▽

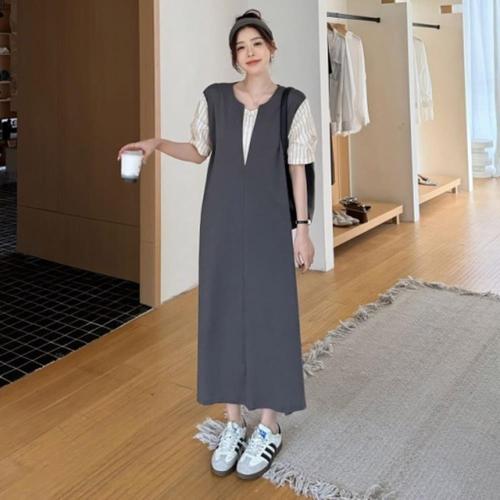 [옷자락]여자 봄가을 사계절 레이어드 브이넥 원피스
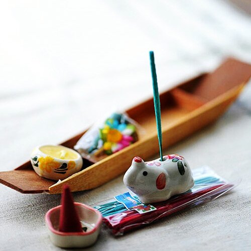 Porselen tütsülükleri ve fil figürlü porselen mumluğu ile romantik bir ortam oluşturmanızı sağlayacak dekoratif bir settir olan Tayland Tütsü Seti.
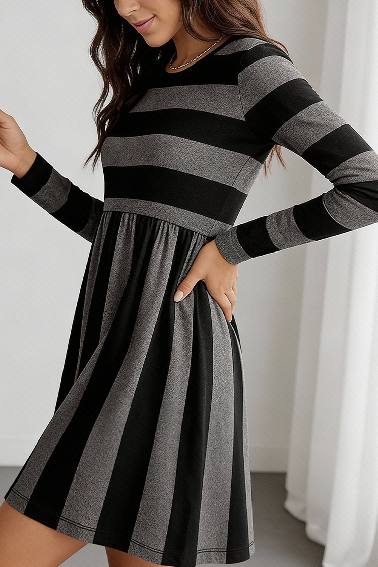 - Pentru ținuta ta de zi cu zi, alege această rochie scurtă cu model în dungi.

△

◆ **WHAT IS REQUIRED**
Reproduce the material exactly; omit the pictures.

◆ **RESULT**
 [옷자락]여자 봄가을 사계절 레이어드 브이넥 원피스
 Porselen tütsülükleri ve fil figürlü porselen mumluğu ile romantik bir ortam oluşturmanızı sağlayacak dekoratif bir settir olan Tayland Tütsü Seti.
 - Pentru ținuta ta de zi cu zi, alege această rochie scurtă cu model în dungi.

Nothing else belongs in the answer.